*Work order*
The records below are to be set down word for word, with every picture left out.
▬▬▬▬▬▬
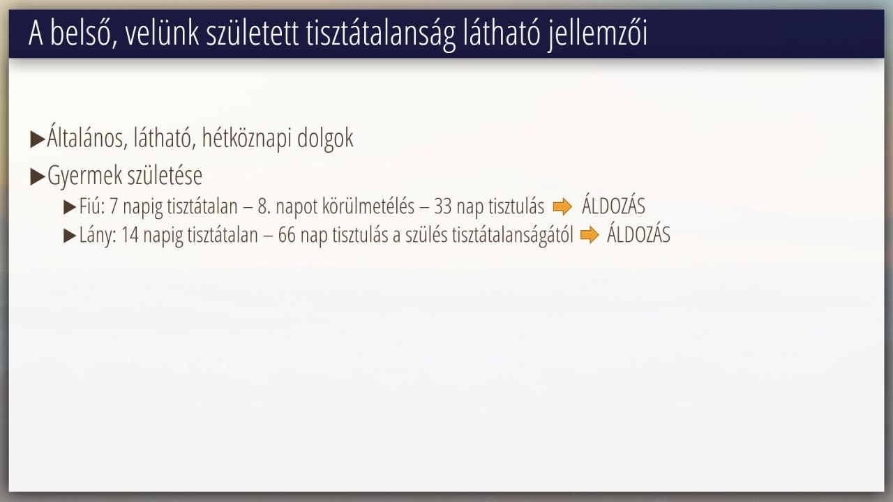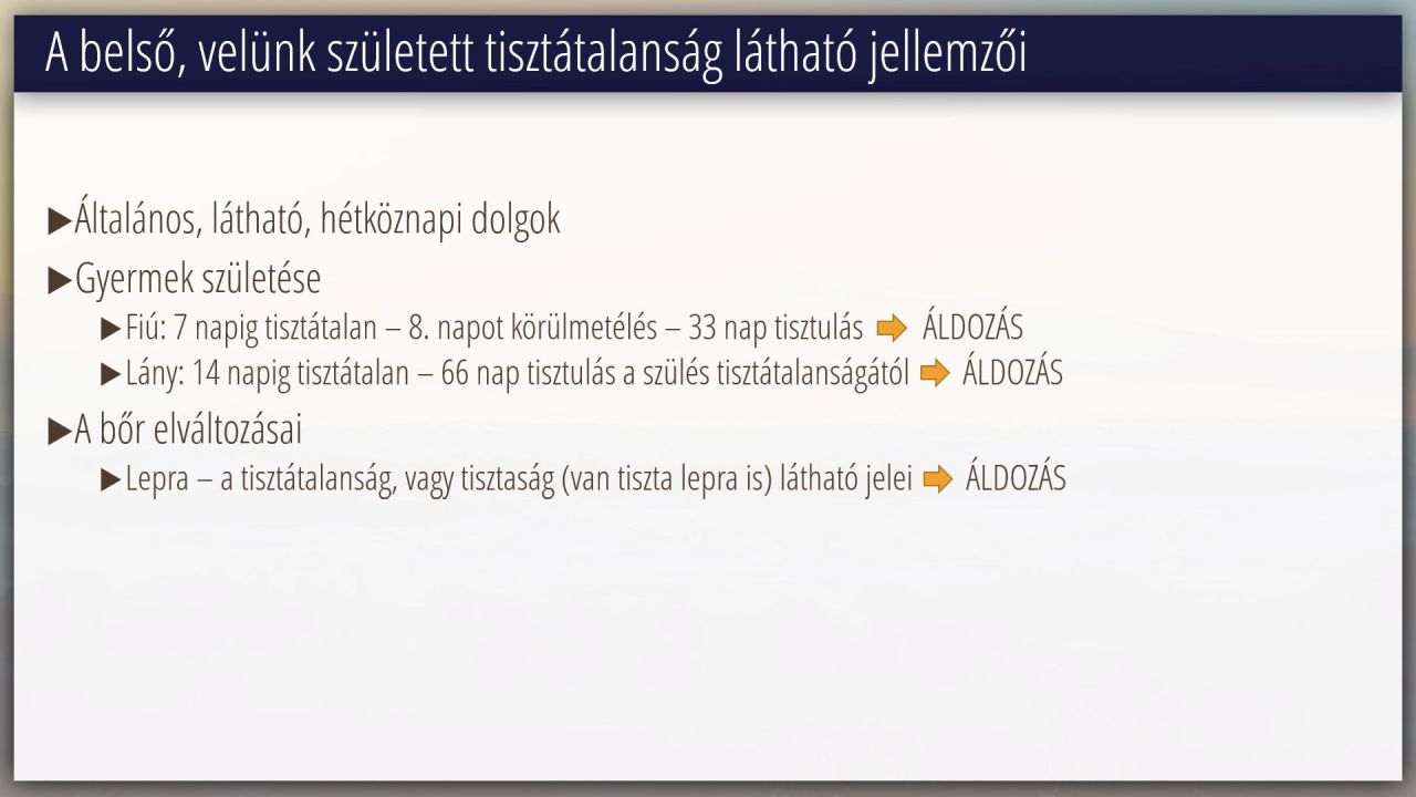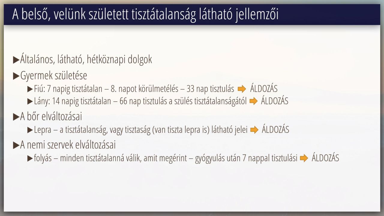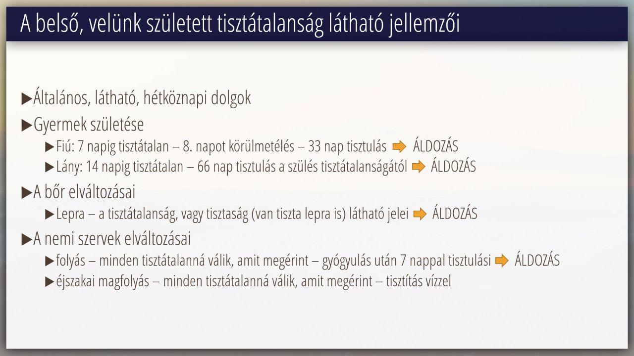 9 | A törvény értelmezése Mózes 3. könyve 11-15 fejezetek alapján (14/16)
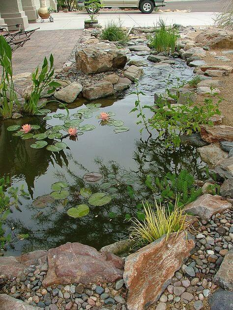 #7 A Small Stone Pond Design With Water Plants
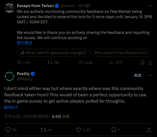 开发者确认,他们正在“积极监测《逃离塔科夫》的社区反馈”,并“将在未来几天继续致力于技术修复和平衡更改”。
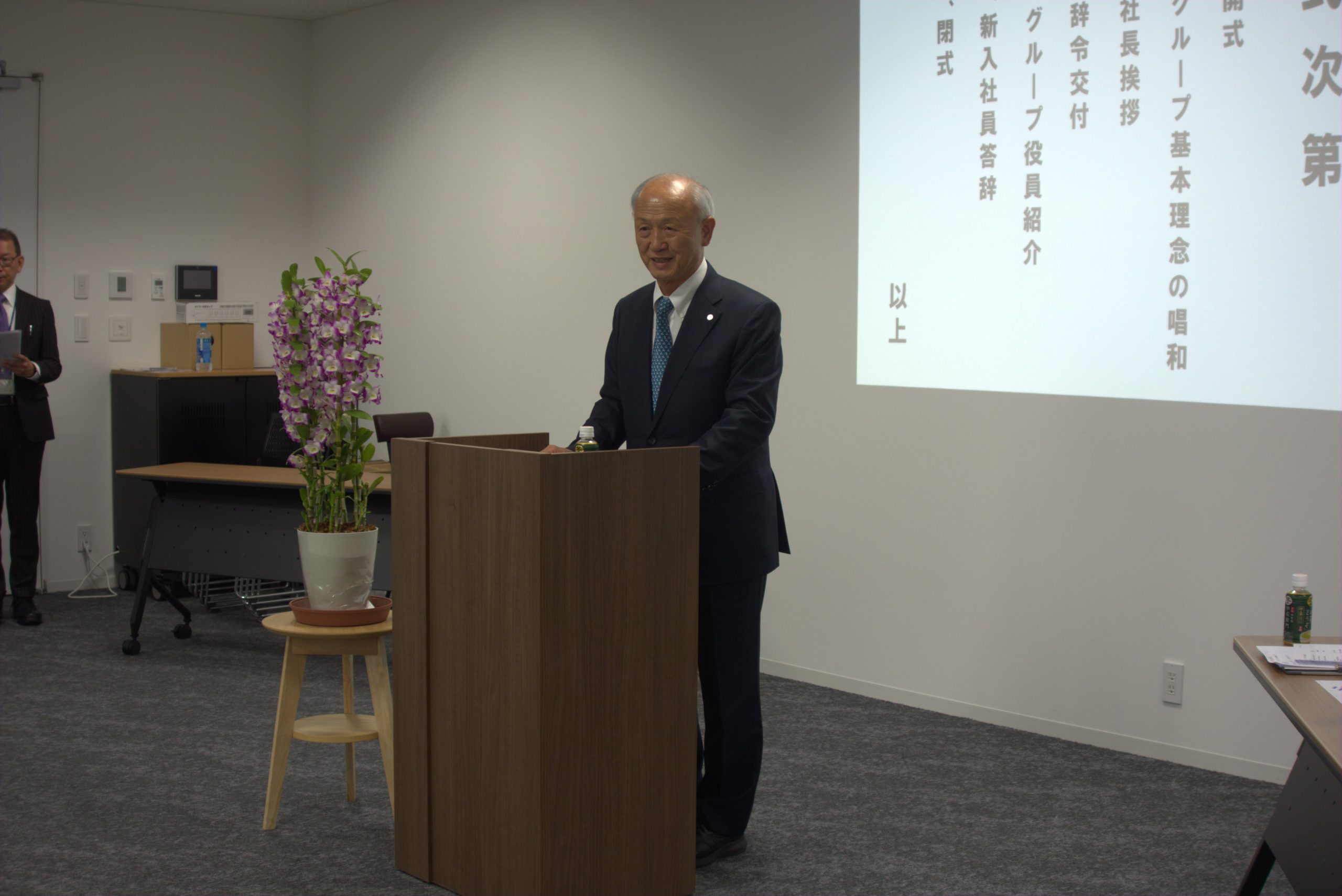 式典では、代表取締役の町田をはじめ、各役員より温かな、かつ期待を込めた激励の言葉が贈られました。
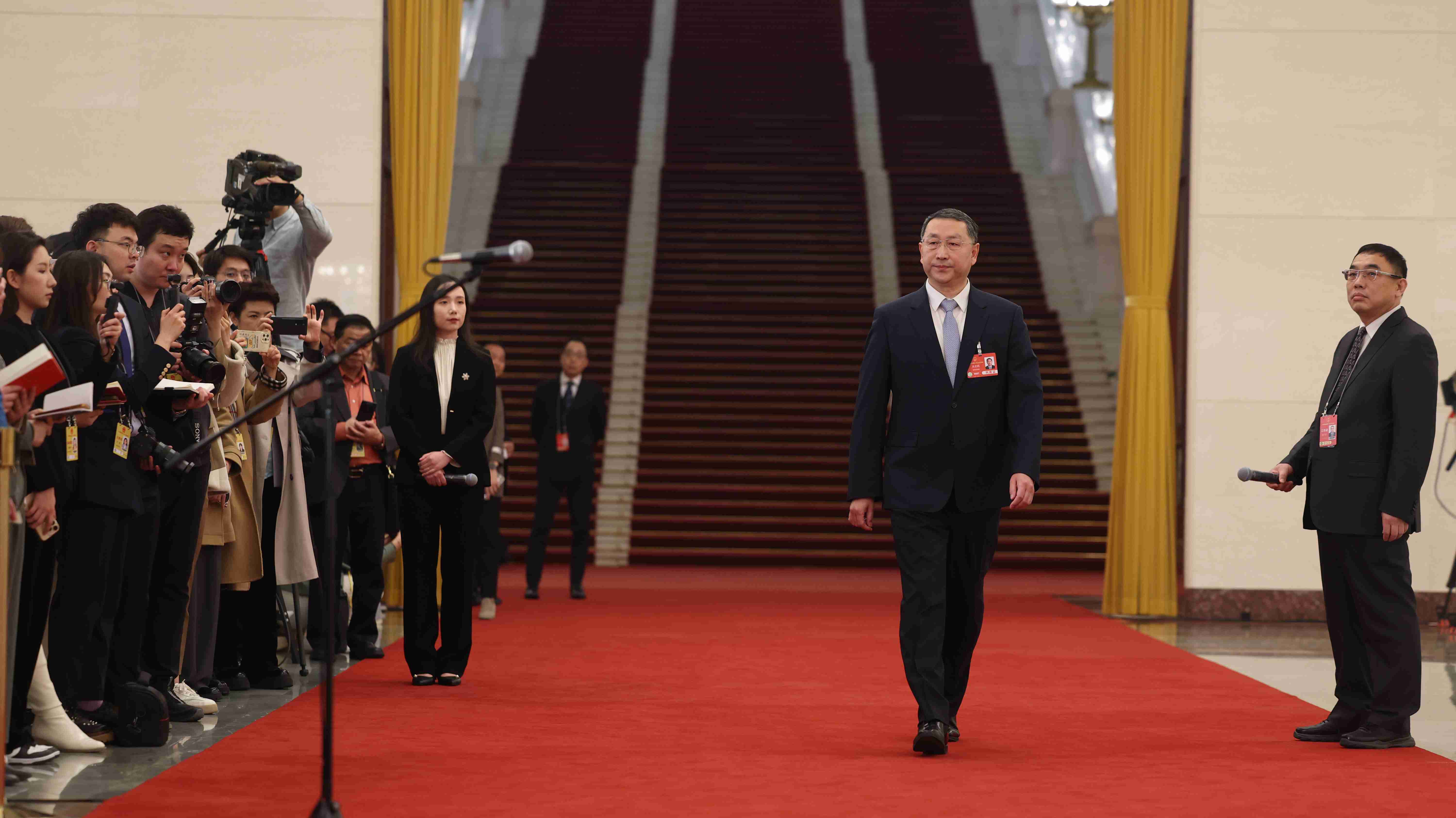 3月11日下午閉幕會后,在人民大會堂北大廳舉行十四屆全國人大三次會議第三場“部長通道”集中采訪活動,邀請部分列席會議的國務院有關部委主要負責人接受采訪。
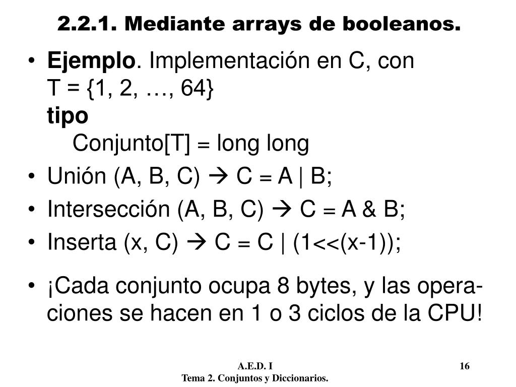2.2.1. Mediante arrays de booleanos. • Ventajas • Operaciones muy sencillas de implementar. • No hace falta usar memoria dinámica. • El tamaño usado es proporcional al tamaño del conjunto universal, independientemente de los elementos que contenga el conjunto. • ¿Ventaja o inconveniente? A.E.D. I 15 Tema 2. Conjuntos y Diccionarios.
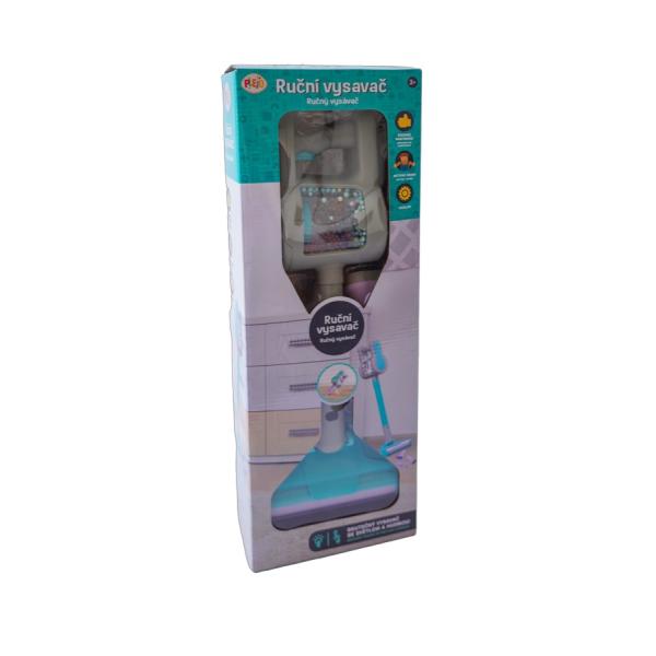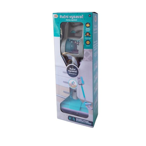 Dětská hračka – Ruční vysavač s vyměnitelnými nástavci. Vysavač je na baterie a vydává zvuk sání. Každá hospodyňka si tento vysavač zamiluje. Je vždy po ruce. Baterie: 2x 1,5. V AA (není součástí balení)Věk: 3+
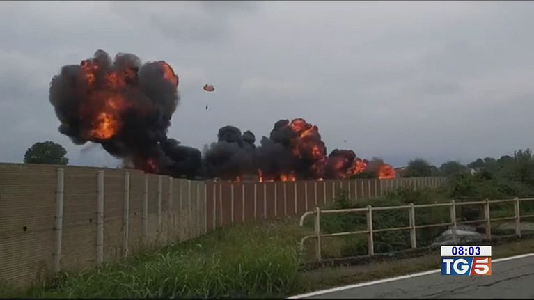Un aereo delle Frecce tricolori si schianta dopo il decollo all'aeroporto di Caselle a Torino, un frammento colpisce un auto e uccide una bambina
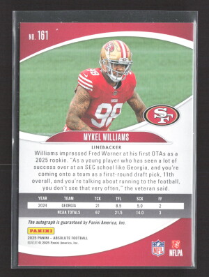 2025 Panini Absolute Football Mykel Williams #161 RC
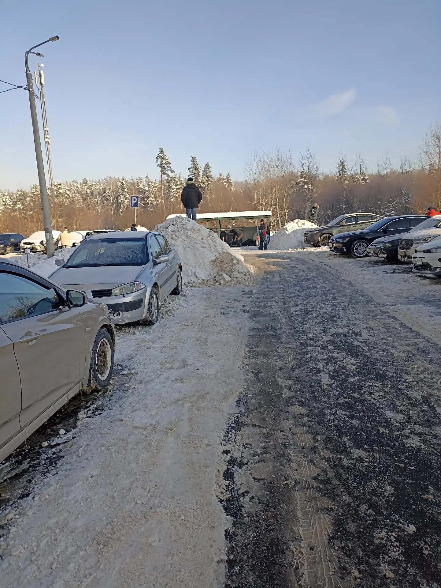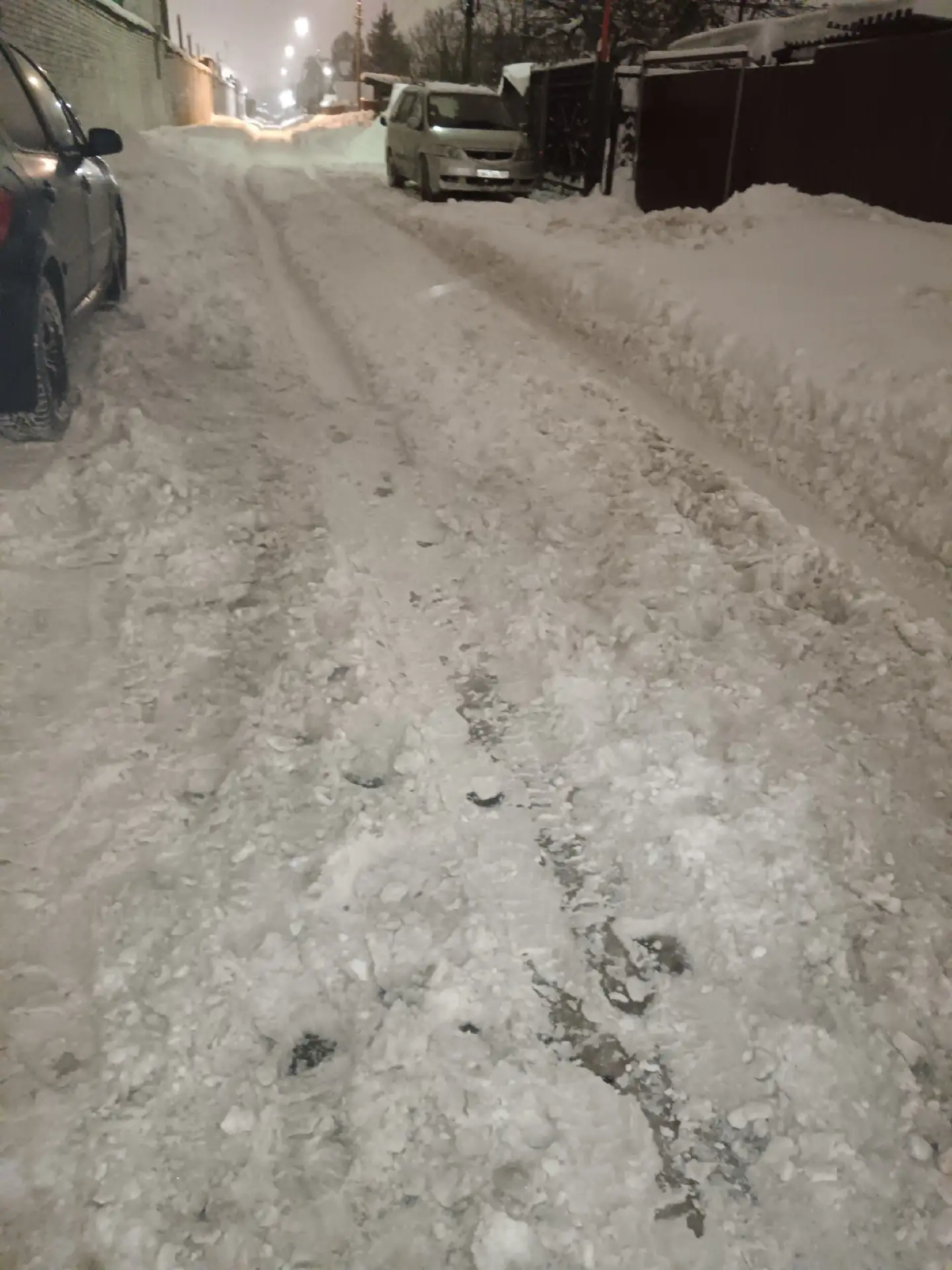 Здесь невозможно не только припарковаться, но даже проехать по дворам, не задев «кого-нибудь»… уже не говоря о том, что и пешеходам очень сложно передвигаться – под рыхлым снегом голый лед, идут и падают.
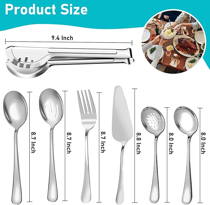 - 【Durable Material】Serving tool set is crafted from stainless steel with no harmful substances, which is durable and rust resistant. The durability and sturdiness of our servingware will allow you to use them multiple times.
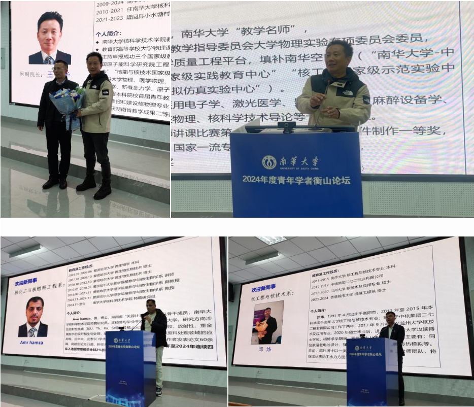 第二阶段,大会先举行了一个温馨的欢送退休的王振华教授、欢迎Amr hamza、吴强及邓炜等三位新同事的仪式。罗文院长回顾了王振华教授在学院多年来的辛勤付出和卓越贡献,并祝愿他退休生活幸福美满、健康快乐;王振华教授以“不易、不悔、不舍、不忘”表达了对学院的深厚感情和对同事们的深厚友谊。Amr hamza和邓炜老师也上台表示会发挥自身所长,积极投身学院的各项工作,努力建设核院大家庭。
▬▬▬▬▬▬
*Completed task*
 9 | A törvény értelmezése Mózes 3. könyve 11-15 fejezetek alapján (14/16)
 #7 A Small Stone Pond Design With Water Plants
 开发者确认,他们正在“积极监测《逃离塔科夫》的社区反馈”,并“将在未来几天继续致力于技术修复和平衡更改”。
 式典では、代表取締役の町田をはじめ、各役員より温かな、かつ期待を込めた激励の言葉が贈られました。
 3月11日下午閉幕會后,在人民大會堂北大廳舉行十四屆全國人大三次會議第三場“部長通道”集中采訪活動,邀請部分列席會議的國務院有關部委主要負責人接受采訪。
2.2.1. Mediante arrays de booleanos. • Ventajas • Operaciones muy sencillas de implementar. • No hace falta usar memoria dinámica. • El tamaño usado es proporcional al tamaño del conjunto universal, independientemente de los elementos que contenga el conjunto. • ¿Ventaja o inconveniente? A.E.D. I 15 Tema 2. Conjuntos y Diccionarios.
 Dětská hračka – Ruční vysavač s vyměnitelnými nástavci. Vysavač je na baterie a vydává zvuk sání. Každá hospodyňka si tento vysavač zamiluje. Je vždy po ruce. Baterie: 2x 1,5. V AA (není součástí balení)Věk: 3+
Un aereo delle Frecce tricolori si schianta dopo il decollo all'aeroporto di Caselle a Torino, un frammento colpisce un auto e uccide una bambina
 2025 Panini Absolute Football Mykel Williams #161 RC
 Здесь невозможно не только припарковаться, но даже проехать по дворам, не задев «кого-нибудь»… уже не говоря о том, что и пешеходам очень сложно передвигаться – под рыхлым снегом голый лед, идут и падают.
 - 【Durable Material】Serving tool set is crafted from stainless steel with no harmful substances, which is durable and rust resistant. The durability and sturdiness of our servingware will allow you to use them multiple times.
 第二阶段,大会先举行了一个温馨的欢送退休的王振华教授、欢迎Amr hamza、吴强及邓炜等三位新同事的仪式。罗文院长回顾了王振华教授在学院多年来的辛勤付出和卓越贡献,并祝愿他退休生活幸福美满、健康快乐;王振华教授以“不易、不悔、不舍、不忘”表达了对学院的深厚感情和对同事们的深厚友谊。Amr hamza和邓炜老师也上台表示会发挥自身所长,积极投身学院的各项工作,努力建设核院大家庭。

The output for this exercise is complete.